MATERIAL PROVIDED:
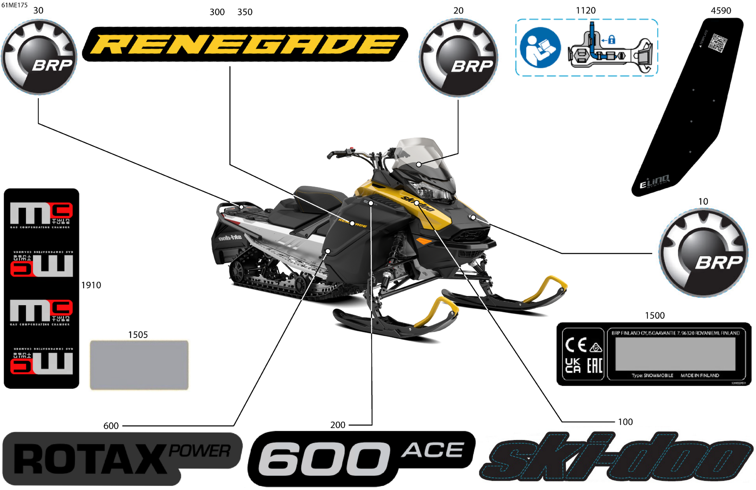 Ski-Doo Europe - RENEGADE - 600 ACE - SPORT - MCSB - Neo Yellow - 137X15X1.25RS Track - 2025 07- Body - Decals Diagram
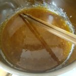 - Cho 140gr đường vào nồi cùng 2 thìa nước. Đun đường ở lửa nhỏ vừa, dùng đũa quấy đều khoảng 3-5 phút. Sau đó ngừng quấy, tăng lên lửa vừa khoảng 5-7 phút cho đường chảy. Đến khi đường có màu cánh gián thì tắt bếp lấy nồi ra
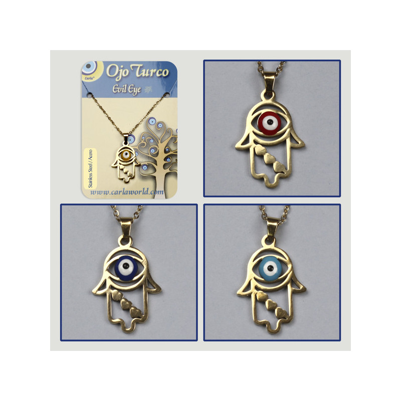 Colgante acero dorado. 23. Ojo Turco. Mano Fátima. Surtidos

DESCRIPTION OF THE TASK:
Skip the images and write out the rest of the listing exactly.

SOLUTION TO THIS EXERCISE:
 Ski-Doo Europe - RENEGADE - 600 ACE - SPORT - MCSB - Neo Yellow - 137X15X1.25RS Track - 2025 07- Body - Decals Diagram
 - Cho 140gr đường vào nồi cùng 2 thìa nước. Đun đường ở lửa nhỏ vừa, dùng đũa quấy đều khoảng 3-5 phút. Sau đó ngừng quấy, tăng lên lửa vừa khoảng 5-7 phút cho đường chảy. Đến khi đường có màu cánh gián thì tắt bếp lấy nồi ra
 Colgante acero dorado. 23. Ojo Turco. Mano Fátima. Surtidos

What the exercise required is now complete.